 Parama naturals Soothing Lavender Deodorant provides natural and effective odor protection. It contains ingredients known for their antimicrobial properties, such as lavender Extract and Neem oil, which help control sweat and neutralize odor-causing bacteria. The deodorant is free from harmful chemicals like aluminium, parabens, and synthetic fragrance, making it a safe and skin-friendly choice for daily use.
--
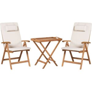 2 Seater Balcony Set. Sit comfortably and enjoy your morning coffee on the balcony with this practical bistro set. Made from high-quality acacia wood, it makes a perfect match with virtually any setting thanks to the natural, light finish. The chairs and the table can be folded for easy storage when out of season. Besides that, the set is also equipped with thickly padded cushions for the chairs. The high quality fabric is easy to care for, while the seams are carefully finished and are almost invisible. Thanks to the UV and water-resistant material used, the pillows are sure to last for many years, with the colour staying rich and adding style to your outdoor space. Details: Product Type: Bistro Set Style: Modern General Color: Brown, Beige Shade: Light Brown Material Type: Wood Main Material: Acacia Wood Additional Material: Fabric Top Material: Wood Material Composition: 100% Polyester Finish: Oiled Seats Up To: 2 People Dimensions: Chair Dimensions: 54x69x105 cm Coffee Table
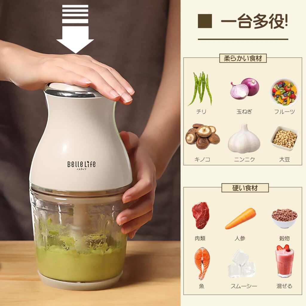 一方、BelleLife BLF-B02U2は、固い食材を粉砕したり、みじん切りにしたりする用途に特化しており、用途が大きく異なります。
...
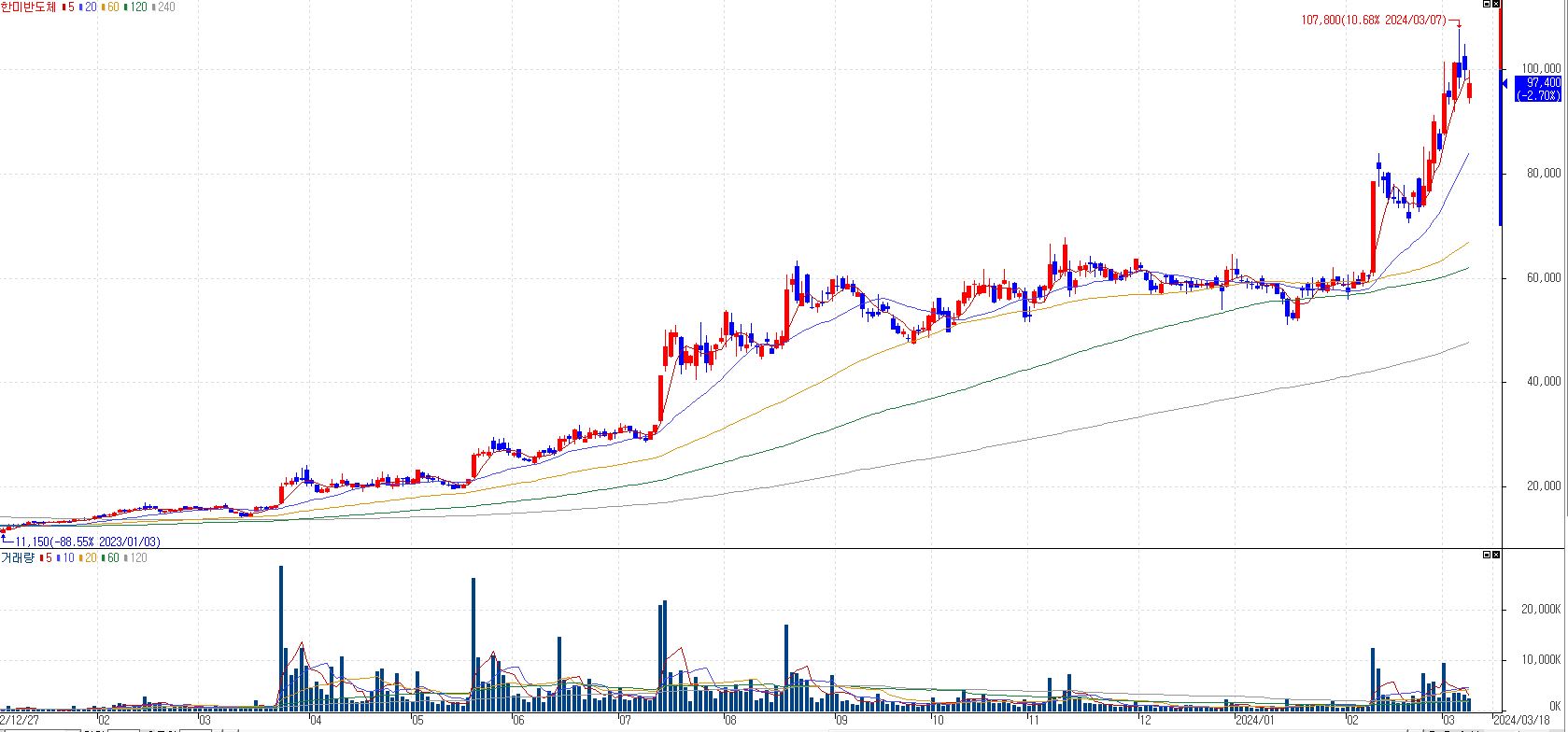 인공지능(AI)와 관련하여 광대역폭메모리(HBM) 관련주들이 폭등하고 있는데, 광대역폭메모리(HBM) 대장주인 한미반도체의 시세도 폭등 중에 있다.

▶ **About this exercise**
Given the listing above, retype only the span of lines from the line with "2 Seater Balcony" up to and including the line with "一方、BelleLife B", exactly as it stands and without pictures.

▶ **Response box**
 2 Seater Balcony Set. Sit comfortably and enjoy your morning coffee on the balcony with this practical bistro set. Made from high-quality acacia wood, it makes a perfect match with virtually any setting thanks to the natural, light finish. The chairs and the table can be folded for easy storage when out of season. Besides that, the set is also equipped with thickly padded cushions for the chairs. The high quality fabric is easy to care for, while the seams are carefully finished and are almost invisible. Thanks to the UV and water-resistant material used, the pillows are sure to last for many years, with the colour staying rich and adding style to your outdoor space. Details: Product Type: Bistro Set Style: Modern General Color: Brown, Beige Shade: Light Brown Material Type: Wood Main Material: Acacia Wood Additional Material: Fabric Top Material: Wood Material Composition: 100% Polyester Finish: Oiled Seats Up To: 2 People Dimensions: Chair Dimensions: 54x69x105 cm Coffee Table
 一方、BelleLife BLF-B02U2は、固い食材を粉砕したり、みじん切りにしたりする用途に特化しており、用途が大きく異なります。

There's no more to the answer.